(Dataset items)

----

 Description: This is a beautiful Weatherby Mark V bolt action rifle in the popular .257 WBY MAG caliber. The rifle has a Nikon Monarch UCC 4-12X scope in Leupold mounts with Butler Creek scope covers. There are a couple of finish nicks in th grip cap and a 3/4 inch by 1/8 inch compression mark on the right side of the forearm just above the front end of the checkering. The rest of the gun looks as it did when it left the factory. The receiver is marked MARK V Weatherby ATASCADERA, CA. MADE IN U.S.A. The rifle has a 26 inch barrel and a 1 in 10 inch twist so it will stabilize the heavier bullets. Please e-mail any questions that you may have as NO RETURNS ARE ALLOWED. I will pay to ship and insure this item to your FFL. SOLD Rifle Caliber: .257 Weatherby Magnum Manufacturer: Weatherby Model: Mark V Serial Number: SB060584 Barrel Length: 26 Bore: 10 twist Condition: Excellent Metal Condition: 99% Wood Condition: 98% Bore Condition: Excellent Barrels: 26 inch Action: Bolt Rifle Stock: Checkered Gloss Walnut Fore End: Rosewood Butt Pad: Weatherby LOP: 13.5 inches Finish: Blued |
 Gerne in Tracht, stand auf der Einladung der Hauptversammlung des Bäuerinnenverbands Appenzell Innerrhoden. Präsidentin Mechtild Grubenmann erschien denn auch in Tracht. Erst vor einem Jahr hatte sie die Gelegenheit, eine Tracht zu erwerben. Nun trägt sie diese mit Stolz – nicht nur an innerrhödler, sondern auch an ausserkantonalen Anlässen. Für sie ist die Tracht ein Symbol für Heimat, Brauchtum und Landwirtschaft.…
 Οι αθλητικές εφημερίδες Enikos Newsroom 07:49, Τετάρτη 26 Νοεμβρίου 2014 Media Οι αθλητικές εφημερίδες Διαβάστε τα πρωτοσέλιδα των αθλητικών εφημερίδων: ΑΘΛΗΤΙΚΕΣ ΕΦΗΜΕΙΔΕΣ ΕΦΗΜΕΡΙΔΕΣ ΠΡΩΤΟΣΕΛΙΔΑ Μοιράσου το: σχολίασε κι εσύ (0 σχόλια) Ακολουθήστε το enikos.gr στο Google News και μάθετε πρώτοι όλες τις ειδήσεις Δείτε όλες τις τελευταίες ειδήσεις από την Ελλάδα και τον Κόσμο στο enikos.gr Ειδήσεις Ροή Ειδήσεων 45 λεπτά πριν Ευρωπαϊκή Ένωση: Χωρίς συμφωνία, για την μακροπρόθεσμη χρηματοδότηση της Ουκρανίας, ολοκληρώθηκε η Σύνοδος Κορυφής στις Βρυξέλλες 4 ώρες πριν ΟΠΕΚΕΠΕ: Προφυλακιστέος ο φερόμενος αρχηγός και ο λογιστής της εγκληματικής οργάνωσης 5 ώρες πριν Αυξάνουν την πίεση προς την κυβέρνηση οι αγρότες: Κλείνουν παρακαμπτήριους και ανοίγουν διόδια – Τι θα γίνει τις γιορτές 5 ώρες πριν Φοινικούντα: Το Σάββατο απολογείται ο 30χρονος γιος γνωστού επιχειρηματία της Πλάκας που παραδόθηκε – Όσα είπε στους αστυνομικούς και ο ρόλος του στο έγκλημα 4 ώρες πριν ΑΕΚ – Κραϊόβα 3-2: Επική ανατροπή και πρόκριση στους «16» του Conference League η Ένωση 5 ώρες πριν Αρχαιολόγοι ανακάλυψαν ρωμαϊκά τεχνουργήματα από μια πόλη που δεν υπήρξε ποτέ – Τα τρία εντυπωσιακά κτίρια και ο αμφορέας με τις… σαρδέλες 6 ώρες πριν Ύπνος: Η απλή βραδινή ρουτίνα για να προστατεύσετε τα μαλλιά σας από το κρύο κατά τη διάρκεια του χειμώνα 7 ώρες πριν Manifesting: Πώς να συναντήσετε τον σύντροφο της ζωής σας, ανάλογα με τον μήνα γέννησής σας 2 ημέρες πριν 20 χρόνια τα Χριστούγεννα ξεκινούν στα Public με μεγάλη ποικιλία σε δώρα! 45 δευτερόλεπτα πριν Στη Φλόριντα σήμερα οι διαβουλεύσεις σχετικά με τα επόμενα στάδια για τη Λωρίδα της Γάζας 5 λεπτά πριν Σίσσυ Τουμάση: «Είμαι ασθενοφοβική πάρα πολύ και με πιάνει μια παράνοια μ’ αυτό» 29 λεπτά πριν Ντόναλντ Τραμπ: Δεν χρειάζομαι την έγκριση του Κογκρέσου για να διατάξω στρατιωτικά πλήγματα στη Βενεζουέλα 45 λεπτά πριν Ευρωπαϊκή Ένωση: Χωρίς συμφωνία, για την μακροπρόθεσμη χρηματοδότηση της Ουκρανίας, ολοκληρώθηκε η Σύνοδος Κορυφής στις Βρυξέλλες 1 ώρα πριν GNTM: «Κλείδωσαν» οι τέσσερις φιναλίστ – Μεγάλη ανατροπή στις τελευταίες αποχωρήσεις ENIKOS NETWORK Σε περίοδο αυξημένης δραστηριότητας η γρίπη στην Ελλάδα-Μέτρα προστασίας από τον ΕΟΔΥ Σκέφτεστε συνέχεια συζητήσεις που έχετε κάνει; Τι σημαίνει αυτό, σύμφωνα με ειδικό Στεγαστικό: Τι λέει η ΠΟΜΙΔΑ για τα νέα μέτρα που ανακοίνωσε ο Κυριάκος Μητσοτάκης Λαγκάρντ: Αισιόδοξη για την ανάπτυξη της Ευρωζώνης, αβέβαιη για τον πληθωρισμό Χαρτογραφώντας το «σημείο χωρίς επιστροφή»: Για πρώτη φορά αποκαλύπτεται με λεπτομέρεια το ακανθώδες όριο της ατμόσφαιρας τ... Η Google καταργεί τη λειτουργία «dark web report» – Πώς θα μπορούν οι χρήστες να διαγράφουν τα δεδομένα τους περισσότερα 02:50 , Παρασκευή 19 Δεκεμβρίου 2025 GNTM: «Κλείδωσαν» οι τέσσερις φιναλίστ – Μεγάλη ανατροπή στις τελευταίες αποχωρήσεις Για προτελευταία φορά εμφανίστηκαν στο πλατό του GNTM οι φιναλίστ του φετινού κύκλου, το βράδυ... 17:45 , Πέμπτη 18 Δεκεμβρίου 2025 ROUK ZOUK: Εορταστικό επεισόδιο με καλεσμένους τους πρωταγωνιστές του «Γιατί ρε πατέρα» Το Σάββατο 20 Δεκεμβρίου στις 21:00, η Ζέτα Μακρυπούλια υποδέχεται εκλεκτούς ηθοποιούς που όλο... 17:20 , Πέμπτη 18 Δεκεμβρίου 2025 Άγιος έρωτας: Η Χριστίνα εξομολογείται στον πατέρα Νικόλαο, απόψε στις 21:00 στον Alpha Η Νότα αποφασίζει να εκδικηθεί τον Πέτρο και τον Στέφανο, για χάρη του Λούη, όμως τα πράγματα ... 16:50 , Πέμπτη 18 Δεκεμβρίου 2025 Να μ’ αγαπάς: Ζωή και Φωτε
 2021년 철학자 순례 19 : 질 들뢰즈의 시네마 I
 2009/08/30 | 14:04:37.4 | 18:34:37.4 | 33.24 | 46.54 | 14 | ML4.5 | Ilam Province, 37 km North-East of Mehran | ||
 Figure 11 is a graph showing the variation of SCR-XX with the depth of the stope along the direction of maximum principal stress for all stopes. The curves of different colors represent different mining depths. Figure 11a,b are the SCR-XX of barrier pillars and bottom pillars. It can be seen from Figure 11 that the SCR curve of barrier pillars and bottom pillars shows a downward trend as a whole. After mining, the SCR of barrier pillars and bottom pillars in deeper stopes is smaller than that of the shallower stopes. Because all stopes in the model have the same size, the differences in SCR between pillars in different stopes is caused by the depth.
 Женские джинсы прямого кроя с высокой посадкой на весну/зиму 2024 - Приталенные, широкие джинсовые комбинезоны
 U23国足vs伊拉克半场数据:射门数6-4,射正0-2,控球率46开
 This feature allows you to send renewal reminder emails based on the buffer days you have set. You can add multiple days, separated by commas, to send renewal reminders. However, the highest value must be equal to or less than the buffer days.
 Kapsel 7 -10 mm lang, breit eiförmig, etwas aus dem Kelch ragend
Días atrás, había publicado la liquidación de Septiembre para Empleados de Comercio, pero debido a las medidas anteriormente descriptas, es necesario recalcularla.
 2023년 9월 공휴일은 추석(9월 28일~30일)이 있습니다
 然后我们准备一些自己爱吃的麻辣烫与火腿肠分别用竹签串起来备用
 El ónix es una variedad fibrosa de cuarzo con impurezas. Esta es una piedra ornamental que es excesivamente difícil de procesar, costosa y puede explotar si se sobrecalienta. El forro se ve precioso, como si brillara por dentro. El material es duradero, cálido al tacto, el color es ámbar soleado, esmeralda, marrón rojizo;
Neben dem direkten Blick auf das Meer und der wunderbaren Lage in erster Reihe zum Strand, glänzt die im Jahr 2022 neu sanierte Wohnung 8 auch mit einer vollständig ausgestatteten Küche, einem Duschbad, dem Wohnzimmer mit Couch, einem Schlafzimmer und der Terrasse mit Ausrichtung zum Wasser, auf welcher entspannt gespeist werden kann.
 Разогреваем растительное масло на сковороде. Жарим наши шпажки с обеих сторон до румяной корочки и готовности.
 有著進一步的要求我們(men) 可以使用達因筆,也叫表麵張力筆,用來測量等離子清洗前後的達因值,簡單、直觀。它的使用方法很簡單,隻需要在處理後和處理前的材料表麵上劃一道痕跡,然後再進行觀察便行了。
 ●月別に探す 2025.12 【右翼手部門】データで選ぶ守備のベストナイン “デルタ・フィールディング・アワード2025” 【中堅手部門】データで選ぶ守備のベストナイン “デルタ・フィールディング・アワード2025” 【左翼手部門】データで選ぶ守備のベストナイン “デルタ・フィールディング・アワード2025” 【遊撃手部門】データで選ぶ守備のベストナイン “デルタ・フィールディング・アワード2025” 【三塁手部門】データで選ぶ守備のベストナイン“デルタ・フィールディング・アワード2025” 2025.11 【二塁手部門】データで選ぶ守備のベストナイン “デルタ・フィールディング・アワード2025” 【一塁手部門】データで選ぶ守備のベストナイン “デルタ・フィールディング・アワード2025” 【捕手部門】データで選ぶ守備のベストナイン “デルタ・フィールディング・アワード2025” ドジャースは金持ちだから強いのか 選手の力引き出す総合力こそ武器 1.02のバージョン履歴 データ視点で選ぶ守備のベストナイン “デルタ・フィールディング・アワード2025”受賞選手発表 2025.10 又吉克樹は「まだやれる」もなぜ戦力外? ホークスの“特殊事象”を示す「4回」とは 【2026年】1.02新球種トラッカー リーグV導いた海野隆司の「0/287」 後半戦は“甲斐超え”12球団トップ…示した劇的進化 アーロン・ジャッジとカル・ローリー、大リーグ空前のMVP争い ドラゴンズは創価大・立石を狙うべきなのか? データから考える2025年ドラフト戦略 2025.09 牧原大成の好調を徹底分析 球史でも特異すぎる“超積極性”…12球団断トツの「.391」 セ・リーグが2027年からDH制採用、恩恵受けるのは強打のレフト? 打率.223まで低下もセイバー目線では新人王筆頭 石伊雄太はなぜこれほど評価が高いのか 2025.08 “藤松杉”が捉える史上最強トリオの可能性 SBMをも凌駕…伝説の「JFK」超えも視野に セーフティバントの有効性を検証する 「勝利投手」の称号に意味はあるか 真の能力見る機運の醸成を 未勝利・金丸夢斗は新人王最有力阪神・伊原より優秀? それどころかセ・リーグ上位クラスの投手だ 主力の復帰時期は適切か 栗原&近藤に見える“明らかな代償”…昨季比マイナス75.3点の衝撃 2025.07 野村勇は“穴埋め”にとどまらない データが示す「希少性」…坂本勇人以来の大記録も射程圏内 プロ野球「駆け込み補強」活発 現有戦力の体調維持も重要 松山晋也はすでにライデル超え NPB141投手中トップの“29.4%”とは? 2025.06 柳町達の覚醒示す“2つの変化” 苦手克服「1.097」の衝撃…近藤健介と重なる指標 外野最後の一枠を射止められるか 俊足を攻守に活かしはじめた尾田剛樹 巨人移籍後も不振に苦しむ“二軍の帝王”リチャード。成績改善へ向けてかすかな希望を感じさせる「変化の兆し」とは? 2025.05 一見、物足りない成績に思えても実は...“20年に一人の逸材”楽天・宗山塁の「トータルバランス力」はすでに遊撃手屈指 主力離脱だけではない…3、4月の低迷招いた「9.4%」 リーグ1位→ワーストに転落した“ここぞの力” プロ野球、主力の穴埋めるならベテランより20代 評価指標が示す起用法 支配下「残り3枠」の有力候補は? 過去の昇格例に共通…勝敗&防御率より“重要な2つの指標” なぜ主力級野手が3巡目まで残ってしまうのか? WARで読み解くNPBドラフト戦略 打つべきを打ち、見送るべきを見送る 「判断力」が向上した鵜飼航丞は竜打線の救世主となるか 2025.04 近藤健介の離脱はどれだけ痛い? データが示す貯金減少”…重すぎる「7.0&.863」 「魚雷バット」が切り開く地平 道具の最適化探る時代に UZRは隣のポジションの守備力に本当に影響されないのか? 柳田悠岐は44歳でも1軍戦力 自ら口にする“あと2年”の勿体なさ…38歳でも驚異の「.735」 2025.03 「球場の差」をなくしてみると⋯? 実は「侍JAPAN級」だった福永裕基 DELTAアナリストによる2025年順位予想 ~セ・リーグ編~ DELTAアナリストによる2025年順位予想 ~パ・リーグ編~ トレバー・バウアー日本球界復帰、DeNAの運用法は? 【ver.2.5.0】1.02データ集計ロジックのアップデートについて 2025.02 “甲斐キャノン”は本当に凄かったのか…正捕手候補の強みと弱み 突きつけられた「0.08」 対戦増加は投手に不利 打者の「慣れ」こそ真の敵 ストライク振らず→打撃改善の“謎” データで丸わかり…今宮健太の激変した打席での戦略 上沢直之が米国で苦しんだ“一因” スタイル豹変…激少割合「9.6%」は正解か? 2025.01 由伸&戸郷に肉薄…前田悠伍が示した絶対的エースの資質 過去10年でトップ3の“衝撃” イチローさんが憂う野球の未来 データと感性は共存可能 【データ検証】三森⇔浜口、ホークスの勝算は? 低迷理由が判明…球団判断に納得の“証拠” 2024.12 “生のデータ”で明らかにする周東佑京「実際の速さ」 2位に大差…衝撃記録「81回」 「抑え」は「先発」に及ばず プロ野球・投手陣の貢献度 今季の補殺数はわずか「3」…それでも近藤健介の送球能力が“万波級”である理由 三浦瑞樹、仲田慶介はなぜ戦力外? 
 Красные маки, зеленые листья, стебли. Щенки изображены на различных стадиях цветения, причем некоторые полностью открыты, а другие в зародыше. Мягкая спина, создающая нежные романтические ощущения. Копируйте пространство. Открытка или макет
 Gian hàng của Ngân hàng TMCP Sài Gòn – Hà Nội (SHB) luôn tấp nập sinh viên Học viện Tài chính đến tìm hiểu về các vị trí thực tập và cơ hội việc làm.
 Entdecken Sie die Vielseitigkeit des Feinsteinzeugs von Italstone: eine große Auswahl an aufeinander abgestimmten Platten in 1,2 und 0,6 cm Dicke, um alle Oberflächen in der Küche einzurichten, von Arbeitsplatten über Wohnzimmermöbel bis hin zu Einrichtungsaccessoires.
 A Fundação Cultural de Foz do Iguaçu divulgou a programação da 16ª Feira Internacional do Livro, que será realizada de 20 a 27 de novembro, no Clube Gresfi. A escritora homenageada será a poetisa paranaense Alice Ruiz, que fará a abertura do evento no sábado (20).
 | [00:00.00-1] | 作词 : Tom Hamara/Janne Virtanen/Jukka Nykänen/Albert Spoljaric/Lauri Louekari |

----

→ What you have to do
Take the stretch of lines above from the one containing "Женские джинсы прямого" through the one containing "Kapsel 7 -10" and repeat it exactly, adding no other line.

→ Task response
 Женские джинсы прямого кроя с высокой посадкой на весну/зиму 2024 - Приталенные, широкие джинсовые комбинезоны
 U23国足vs伊拉克半场数据:射门数6-4,射正0-2,控球率46开
 This feature allows you to send renewal reminder emails based on the buffer days you have set. You can add multiple days, separated by commas, to send renewal reminders. However, the highest value must be equal to or less than the buffer days.
 Kapsel 7 -10 mm lang, breit eiförmig, etwas aus dem Kelch ragend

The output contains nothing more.